The Great Wheel of Data-Structural and Algorithmic Fate

Mini-Topics

Stack-Heap Distinction

  • The Stack (\(\neq\) Stack data structure)
    • Fixed-length things go here, including Pointers to Heap
  • The Heap (\(\neq\) Heap data structure)
    • Variable-length things go here
  • Heap elves manage The Heap, by…
    • Constantly “claiming” additional memory from the OS (malloc()), in case objects need to grow
    • “Freeing” memory back for use by the OS (free()), when objects shrink / deleted / Python execution ends

Big-\(\overline{O}\) Notation

  • These are equivalence classes (not numbers or functions)
  • Compute the runtime \(T(n)\) of an algorithm
  • Worry about how it scales as \(n\) gets large: \(\lim_{n \rightarrow \infty}T(n)\)
  • Decide whether to use it or not based on which equivalence class it converges to:
    • \(O(1)\)
    • \(O(\log(n))\)
    • \(O(n)\)
    • \(O(n^2)\)

Data Validation

Linear vs. Logarithmic Design

Trees vs. Graphs (Cycles)

  • In terms of creating and managing data structures, we start with Trees and move to Graphs
  • But, in terms of defining these structures, it helps to start with Graphs
  • A graph is just a collection of linked nodes (any number of links): connected if some possible path between any two nodes
  • A tree is a connected graph without cycles
  • A binary tree is a tree where each node has only two outward links (called children)
  • A binary search tree is a binary tree where
    • Outward links are labeled left and right
    • [All contents after following left] \(<\) [current content]
    • [All contents after following right] \(>\) [current content]

Full Topics

Variations on LinkedList

  • FrontBackLinkedList
  • Deque (Pronounced like “Deck”)
  • DoublyLinkedList

FrontBackLinkedList

  • This isn’t exactly a separate data structure from a LinkedList, but instead an “expansion pack” for LinkedList which adds an insert_front() function

DoublyLinkedList

  • For when we need to be able to reverse directions at any point during iteration
  • LinkedListNode had only a next pointer
  • DoublyLinkedListNode has two pointers: prev and next

Deque

  • May seem similar to FrontBackLinkedList, but this time we do have a (slightly) different data structure!
  • For when we need to iterate through a list in-order or in reverse order, with exact same complexity!
    • (Who can think of a case where this would be immediately useful?)
  • Like in FrontBackLinkedList, we have a new insert_front() function
  • Like in DoublyLinkedList, we have both prev and next pointers in each DequeNode
  • But, we also add a new pointer in the Deque class itself (not the DequeNode class), tail, so that we now have head (formerly called root) and tail (pointing to the last element in the LL)

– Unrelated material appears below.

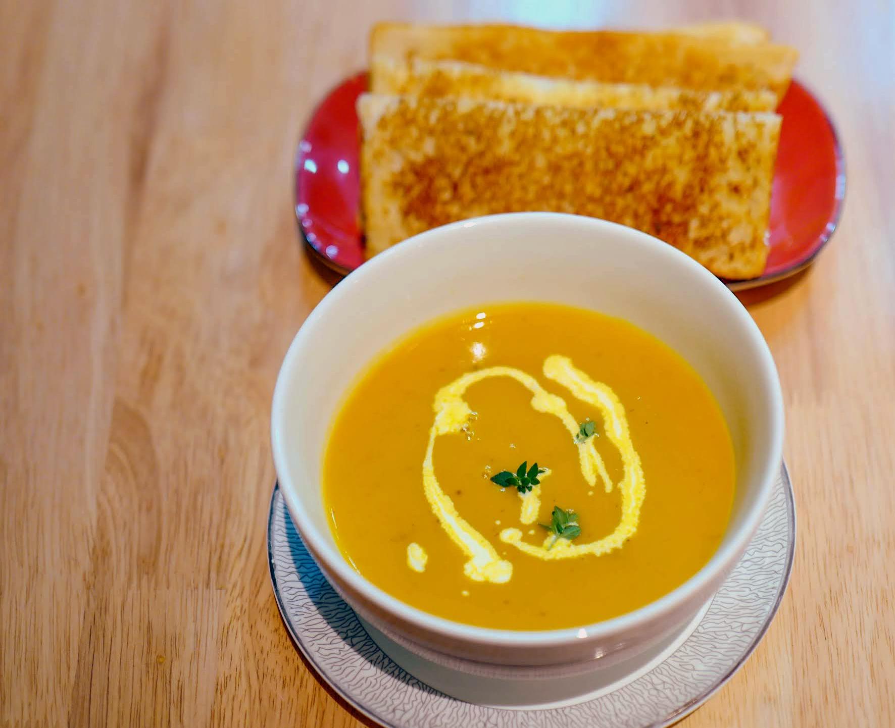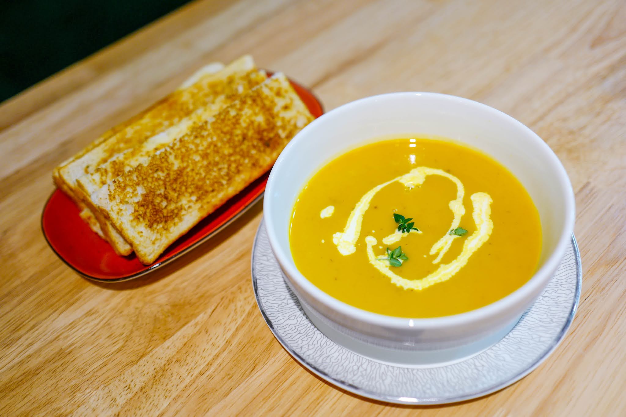 If eggs help you kick off your day on a bright note, bookmark the BT Benedict with Smoked Salmon (RM28), a distinctive recipe compared to the conventional Eggs Benedict. The poached egg is sandwiched in a buttery croissant that's lightly torched to order, till it's extra crisp to the bite - a terrific textural contrast to the luscious egg, which drips into delicious smoked salmon and capers, with house-made chipotle mayo for a spike of spice. On the side, the chef’s choice salad makes for a balanced brunch; ours featured a buoyant medley of fresh rocket leaves, coral lettuce, romaine, pickled onions, croutons and cherry tomatoes in a zesty pomegranate dressing.There's plenty more to satiate the appetite, from the BT Big Breakfast with maple beef bacon to the BT Grilled Cheese sandwich, but if you're looking for something lighter and simpler but still nourishing, try the Pumpkin Soup, naturally sweet, served piping-hot, with a touch of cream and slices of garlic oregano toast on the side (RM12).

Collision-Resistant Hashing

  • In general: What properties do we think a “good” hashing algorithm should have?
  • More specific: Given \(N\) objects to store and \(M\) available memory slots, what are the limits to \(\overline{O}(1)\)?
    • Efficiency when \(N < M\)?
    • Efficiency when \(N = M\)?
    • Efficiency when \(N > M\)?
    • How do these change if we move from LinkedList-backed to BST-backed?

Object-Oriented Design

  • First: What are the two kinds of “things” that an object has?
  • What is the difference between a class and an object?
  • OML without Polymorphism
  • OML with Polymorphism
  • Abstract Base Classes (ABC in Python)

Sorting

  • How is Merge-Sort “better”? What role does Merge subroutine play?
  • What/where exactly are the invariants in these diagrams?
Insertion-Sort

Merge-Sort

Midterm Metadata

Midterm Structure

  • Coding Portion: Modifications of LinkedList (Circular / jump-to-end / doubly-linked); non-scary OOP skeleton 🙈
  • Multiple Choice Portion: Lots more to cover…
    • Hash Tables: \(O(1 + \epsilon \log_2(n))\), but think about it as:
    • \(1 + (\text{Collision rate}) \cdot (\text{Collision handler efficiency})\)
    • Linked List \(\rightarrow\) Binary Search Tree
    • Depth-First vs. Breadth-First: Picture of a tree \(\rightarrow\) (a) what is BFS result, (b) what is (in/pre/post)-order DFS result?
    • Lastly: Cormen, Leiserson, Rivest, Stein (CLRS), pgs. 17-106

The Two Boxes That Most Things In This Course Can Be Sorted Into

  • Box 1: Linear Things
  • Box 2: Logarithmic Things
  • Things that go into the boxes:
    • Algorithms
    • Data Structures
    • Software Development Patterns

The Boxes

Linear Things: \(O(N)\) Logarithmic Things: \(O(\lg{N})\)
Data Structures

LinkedList

BinarySearchTree

Sorting Algorithms Insertion-Sort Merge-Sort
Search Algorithms Linear-Search Binary-Search
General Pattern One-by-One Divide-and-Conquer
Steps to Look Up a Word \(N = 102118\) \(\lceil \log_2(N) \rceil = 17\)
  • Hash Table: A “trick” that gets us close to \(O(1)\), by pre-allocating lots of memory!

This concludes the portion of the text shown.